_What you have to do_: Exact copies of the lines below, from the one with "Venetian School of" up to and including the one with "Krenn, Othmar: gesehene", are what this calls for; leave out pictures.

_Records_:
****************************************

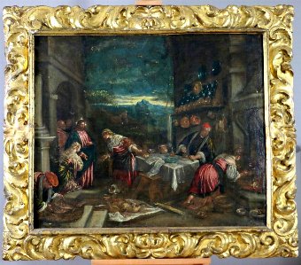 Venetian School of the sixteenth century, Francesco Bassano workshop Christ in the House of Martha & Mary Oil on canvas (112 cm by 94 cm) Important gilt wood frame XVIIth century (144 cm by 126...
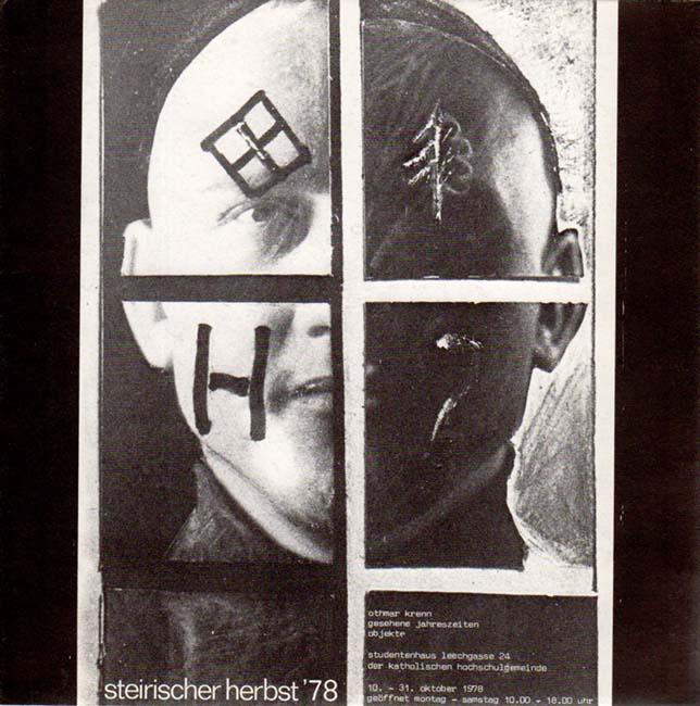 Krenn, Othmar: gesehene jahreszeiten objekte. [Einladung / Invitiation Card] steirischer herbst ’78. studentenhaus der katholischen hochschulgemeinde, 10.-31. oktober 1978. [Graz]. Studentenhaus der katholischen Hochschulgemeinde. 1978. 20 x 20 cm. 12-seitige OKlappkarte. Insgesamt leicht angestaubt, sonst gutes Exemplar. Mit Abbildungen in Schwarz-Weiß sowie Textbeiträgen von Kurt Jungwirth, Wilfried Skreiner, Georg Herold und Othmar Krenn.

****************************************

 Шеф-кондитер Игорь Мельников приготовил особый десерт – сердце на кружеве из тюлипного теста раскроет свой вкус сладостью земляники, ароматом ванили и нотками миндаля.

****************************************

_Your response_:
 Venetian School of the sixteenth century, Francesco Bassano workshop Christ in the House of Martha & Mary Oil on canvas (112 cm by 94 cm) Important gilt wood frame XVIIth century (144 cm by 126...
 Krenn, Othmar: gesehene jahreszeiten objekte. [Einladung / Invitiation Card] steirischer herbst ’78. studentenhaus der katholischen hochschulgemeinde, 10.-31. oktober 1978. [Graz]. Studentenhaus der katholischen Hochschulgemeinde. 1978. 20 x 20 cm. 12-seitige OKlappkarte. Insgesamt leicht angestaubt, sonst gutes Exemplar. Mit Abbildungen in Schwarz-Weiß sowie Textbeiträgen von Kurt Jungwirth, Wilfried Skreiner, Georg Herold und Othmar Krenn.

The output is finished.